*** PROVIDED INFORMATION ***

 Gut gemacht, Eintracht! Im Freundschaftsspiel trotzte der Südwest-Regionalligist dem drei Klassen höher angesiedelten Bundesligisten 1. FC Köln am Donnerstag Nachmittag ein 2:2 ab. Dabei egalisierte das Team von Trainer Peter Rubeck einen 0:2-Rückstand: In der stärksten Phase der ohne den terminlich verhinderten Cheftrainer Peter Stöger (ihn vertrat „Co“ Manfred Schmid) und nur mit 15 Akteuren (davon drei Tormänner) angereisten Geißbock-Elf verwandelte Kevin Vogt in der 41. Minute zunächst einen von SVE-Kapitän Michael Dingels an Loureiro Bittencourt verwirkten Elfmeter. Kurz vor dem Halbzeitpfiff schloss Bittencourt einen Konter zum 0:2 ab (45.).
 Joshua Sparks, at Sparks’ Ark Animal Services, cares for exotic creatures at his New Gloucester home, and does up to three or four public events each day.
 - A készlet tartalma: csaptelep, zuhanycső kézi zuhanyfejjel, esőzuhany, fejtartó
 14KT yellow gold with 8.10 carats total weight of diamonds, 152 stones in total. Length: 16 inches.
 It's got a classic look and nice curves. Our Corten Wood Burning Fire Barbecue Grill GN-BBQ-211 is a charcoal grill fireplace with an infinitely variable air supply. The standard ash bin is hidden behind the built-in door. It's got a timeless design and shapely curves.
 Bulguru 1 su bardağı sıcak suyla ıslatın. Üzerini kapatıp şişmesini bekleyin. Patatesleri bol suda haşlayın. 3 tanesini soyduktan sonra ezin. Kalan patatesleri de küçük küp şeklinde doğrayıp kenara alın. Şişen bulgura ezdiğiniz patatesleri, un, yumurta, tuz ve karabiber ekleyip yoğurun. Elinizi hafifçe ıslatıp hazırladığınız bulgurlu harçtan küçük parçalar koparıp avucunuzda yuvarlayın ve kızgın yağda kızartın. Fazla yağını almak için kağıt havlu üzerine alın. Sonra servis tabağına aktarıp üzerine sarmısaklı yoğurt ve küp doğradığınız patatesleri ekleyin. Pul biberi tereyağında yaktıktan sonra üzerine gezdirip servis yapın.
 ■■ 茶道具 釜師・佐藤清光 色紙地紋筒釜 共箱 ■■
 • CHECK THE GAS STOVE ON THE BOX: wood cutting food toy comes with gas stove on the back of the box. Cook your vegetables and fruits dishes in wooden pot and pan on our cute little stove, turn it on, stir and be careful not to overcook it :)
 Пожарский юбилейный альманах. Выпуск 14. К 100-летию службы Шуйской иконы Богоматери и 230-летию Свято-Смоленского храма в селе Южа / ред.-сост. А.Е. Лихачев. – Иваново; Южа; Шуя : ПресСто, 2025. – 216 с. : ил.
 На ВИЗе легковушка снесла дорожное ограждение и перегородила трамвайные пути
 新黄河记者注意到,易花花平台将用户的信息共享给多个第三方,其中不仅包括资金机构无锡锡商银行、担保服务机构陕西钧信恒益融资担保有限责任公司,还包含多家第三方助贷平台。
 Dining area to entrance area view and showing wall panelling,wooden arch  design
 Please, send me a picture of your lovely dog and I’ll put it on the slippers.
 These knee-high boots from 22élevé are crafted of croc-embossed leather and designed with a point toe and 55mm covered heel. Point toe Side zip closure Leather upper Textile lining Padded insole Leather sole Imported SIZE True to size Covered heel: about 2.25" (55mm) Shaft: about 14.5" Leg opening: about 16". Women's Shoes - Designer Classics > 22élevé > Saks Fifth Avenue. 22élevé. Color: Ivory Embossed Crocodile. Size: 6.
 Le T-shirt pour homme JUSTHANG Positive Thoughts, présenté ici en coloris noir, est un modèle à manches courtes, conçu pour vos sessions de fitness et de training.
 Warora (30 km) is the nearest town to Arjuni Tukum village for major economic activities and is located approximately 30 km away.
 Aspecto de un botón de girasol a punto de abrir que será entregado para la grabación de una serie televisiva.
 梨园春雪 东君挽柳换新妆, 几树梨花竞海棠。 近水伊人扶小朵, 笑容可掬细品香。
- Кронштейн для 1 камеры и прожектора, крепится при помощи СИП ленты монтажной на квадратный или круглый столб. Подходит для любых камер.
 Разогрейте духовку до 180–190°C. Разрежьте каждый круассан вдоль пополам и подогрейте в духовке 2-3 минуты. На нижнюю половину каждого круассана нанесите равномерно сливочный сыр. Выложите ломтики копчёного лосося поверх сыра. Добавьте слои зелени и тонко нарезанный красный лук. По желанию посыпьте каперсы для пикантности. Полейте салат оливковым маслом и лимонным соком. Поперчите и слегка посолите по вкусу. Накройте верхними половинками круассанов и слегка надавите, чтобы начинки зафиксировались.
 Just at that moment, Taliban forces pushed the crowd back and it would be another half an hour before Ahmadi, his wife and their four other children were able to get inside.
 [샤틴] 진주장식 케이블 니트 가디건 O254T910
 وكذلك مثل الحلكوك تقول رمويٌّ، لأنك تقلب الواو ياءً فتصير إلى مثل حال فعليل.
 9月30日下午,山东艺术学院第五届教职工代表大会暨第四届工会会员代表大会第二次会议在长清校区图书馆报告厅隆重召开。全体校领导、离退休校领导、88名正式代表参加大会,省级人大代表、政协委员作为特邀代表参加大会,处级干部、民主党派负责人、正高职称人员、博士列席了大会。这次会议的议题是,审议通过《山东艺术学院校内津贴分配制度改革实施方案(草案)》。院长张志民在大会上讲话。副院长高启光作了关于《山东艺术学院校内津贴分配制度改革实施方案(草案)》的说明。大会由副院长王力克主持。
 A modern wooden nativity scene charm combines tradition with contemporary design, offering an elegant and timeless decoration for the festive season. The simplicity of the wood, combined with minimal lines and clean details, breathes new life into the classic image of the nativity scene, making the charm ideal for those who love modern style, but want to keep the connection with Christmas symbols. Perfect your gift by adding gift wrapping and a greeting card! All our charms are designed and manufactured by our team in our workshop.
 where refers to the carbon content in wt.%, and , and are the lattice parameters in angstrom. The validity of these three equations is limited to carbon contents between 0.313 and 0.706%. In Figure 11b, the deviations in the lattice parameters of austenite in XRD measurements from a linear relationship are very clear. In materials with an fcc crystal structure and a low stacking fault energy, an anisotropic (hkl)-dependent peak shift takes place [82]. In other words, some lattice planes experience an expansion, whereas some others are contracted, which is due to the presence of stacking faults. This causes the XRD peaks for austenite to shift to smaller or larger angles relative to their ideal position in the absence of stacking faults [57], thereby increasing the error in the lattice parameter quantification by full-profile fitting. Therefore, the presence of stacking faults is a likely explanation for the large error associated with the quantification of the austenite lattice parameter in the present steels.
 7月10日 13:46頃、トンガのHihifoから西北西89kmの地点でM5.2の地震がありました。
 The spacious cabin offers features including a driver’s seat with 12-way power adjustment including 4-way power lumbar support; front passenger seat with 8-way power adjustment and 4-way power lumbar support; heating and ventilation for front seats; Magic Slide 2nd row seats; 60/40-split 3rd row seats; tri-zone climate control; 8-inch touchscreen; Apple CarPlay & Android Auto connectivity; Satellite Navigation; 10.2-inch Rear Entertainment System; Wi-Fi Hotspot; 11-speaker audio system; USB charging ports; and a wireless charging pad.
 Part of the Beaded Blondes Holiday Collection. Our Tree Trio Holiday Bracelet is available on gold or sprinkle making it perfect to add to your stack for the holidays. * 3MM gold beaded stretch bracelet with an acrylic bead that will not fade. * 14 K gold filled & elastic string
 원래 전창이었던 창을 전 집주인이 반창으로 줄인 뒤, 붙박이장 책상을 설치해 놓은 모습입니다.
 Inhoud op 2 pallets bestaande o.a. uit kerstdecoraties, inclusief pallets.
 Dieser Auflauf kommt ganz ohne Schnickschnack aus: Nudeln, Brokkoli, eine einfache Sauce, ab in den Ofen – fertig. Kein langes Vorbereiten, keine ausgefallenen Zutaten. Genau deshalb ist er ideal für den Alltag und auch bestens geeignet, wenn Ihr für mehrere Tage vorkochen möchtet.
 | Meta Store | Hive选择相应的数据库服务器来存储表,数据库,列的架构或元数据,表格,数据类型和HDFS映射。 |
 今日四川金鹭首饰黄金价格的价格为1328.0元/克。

*** End of PROVIDED INFORMATION ***

- [WHAT IS REQUIRED] Give again, word for word, every line of the listing above from the one with "- A készlet" to the one with "Please, send me", both inclusive, and nothing beyond them.

- [SOLUTION FOR THIS TASK]
 - A készlet tartalma: csaptelep, zuhanycső kézi zuhanyfejjel, esőzuhany, fejtartó
 14KT yellow gold with 8.10 carats total weight of diamonds, 152 stones in total. Length: 16 inches.
 It's got a classic look and nice curves. Our Corten Wood Burning Fire Barbecue Grill GN-BBQ-211 is a charcoal grill fireplace with an infinitely variable air supply. The standard ash bin is hidden behind the built-in door. It's got a timeless design and shapely curves.
 Bulguru 1 su bardağı sıcak suyla ıslatın. Üzerini kapatıp şişmesini bekleyin. Patatesleri bol suda haşlayın. 3 tanesini soyduktan sonra ezin. Kalan patatesleri de küçük küp şeklinde doğrayıp kenara alın. Şişen bulgura ezdiğiniz patatesleri, un, yumurta, tuz ve karabiber ekleyip yoğurun. Elinizi hafifçe ıslatıp hazırladığınız bulgurlu harçtan küçük parçalar koparıp avucunuzda yuvarlayın ve kızgın yağda kızartın. Fazla yağını almak için kağıt havlu üzerine alın. Sonra servis tabağına aktarıp üzerine sarmısaklı yoğurt ve küp doğradığınız patatesleri ekleyin. Pul biberi tereyağında yaktıktan sonra üzerine gezdirip servis yapın.
 ■■ 茶道具 釜師・佐藤清光 色紙地紋筒釜 共箱 ■■
 • CHECK THE GAS STOVE ON THE BOX: wood cutting food toy comes with gas stove on the back of the box. Cook your vegetables and fruits dishes in wooden pot and pan on our cute little stove, turn it on, stir and be careful not to overcook it :)
 Пожарский юбилейный альманах. Выпуск 14. К 100-летию службы Шуйской иконы Богоматери и 230-летию Свято-Смоленского храма в селе Южа / ред.-сост. А.Е. Лихачев. – Иваново; Южа; Шуя : ПресСто, 2025. – 216 с. : ил.
 На ВИЗе легковушка снесла дорожное ограждение и перегородила трамвайные пути
 新黄河记者注意到,易花花平台将用户的信息共享给多个第三方,其中不仅包括资金机构无锡锡商银行、担保服务机构陕西钧信恒益融资担保有限责任公司,还包含多家第三方助贷平台。
 Dining area to entrance area view and showing wall panelling,wooden arch  design
 Please, send me a picture of your lovely dog and I’ll put it on the slippers.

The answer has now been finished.